A bright spot: Child’s scholarship story might be a revelation for future
With all the angst and hand-wringing that has taken place over test scores, school quality and the future, the news this week that a county fourth-grader has already earned a college scholarship was a welcome diversion.
Little Nakia Atkins of Carver Heights Elementary School has earned a full ride to Appalachian State University.
The proud little boy, with his grandmother and mother in attendance, enjoyed being the center of attention as adults and his classmates took the time to congratulate him this week.
He earned the honor by scoring the highest on the county’s math proficiency test.
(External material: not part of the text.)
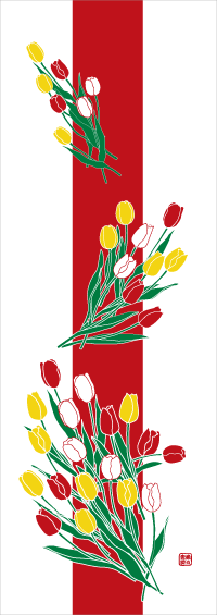 チューリップの花束をかかえて赤いジュータンを歩くような華やかな気分をイメージしました。自分へのプレゼント、そして大切な方へのプレゼントに!花言葉は、「恋の宣言」。

The scholarship is an annual honor given to the student who manages to capture that distinction.
And his achievement should make us all pause to think a bit about not only Nakia, but the hundreds of other fourth-graders just like him — full of potential.
What we have to make sure of now is that we get him all the way to graduation day.
So, how do you do that? How do you help a child keep his focus and enthusiasm so that he can one day take his spot in a college freshman class?
Perhaps we learned part of the secret this week — we tell him we already know he can accomplish that feat.
By giving this young man a scholarship before he has even really logged the education to earn it, we have signaled to him that working hard will pay off — and that we know he can be anything he wants to be. Pretty powerful stuff for most kids.
But in addition to pushing him along and challenging him to learn and to achieve more in school, we have to rely on his family to keep him on track, too.
His grandmother has already promised she is going to continue to nag him to get his work done. She thinks that insistence is what helped him get the high math score in the first place.
So, with a partnership like that, how can we lose?
So that brings us to the other elementary, middle and high school students we are charged with educating, How do we get them enthusiastic about learning and keep them focused and on track.
Maybe we should offer more dreams to more young people — before they have the chance to make other choices.
Perhaps a few more scholarships — with strings attached — might be a motivator to keep more students in school — and to push others to achieve what they are capable of, not just what gets them by.
Who knows, maybe there are a few more Nakias out there, waiting for a chance to shine.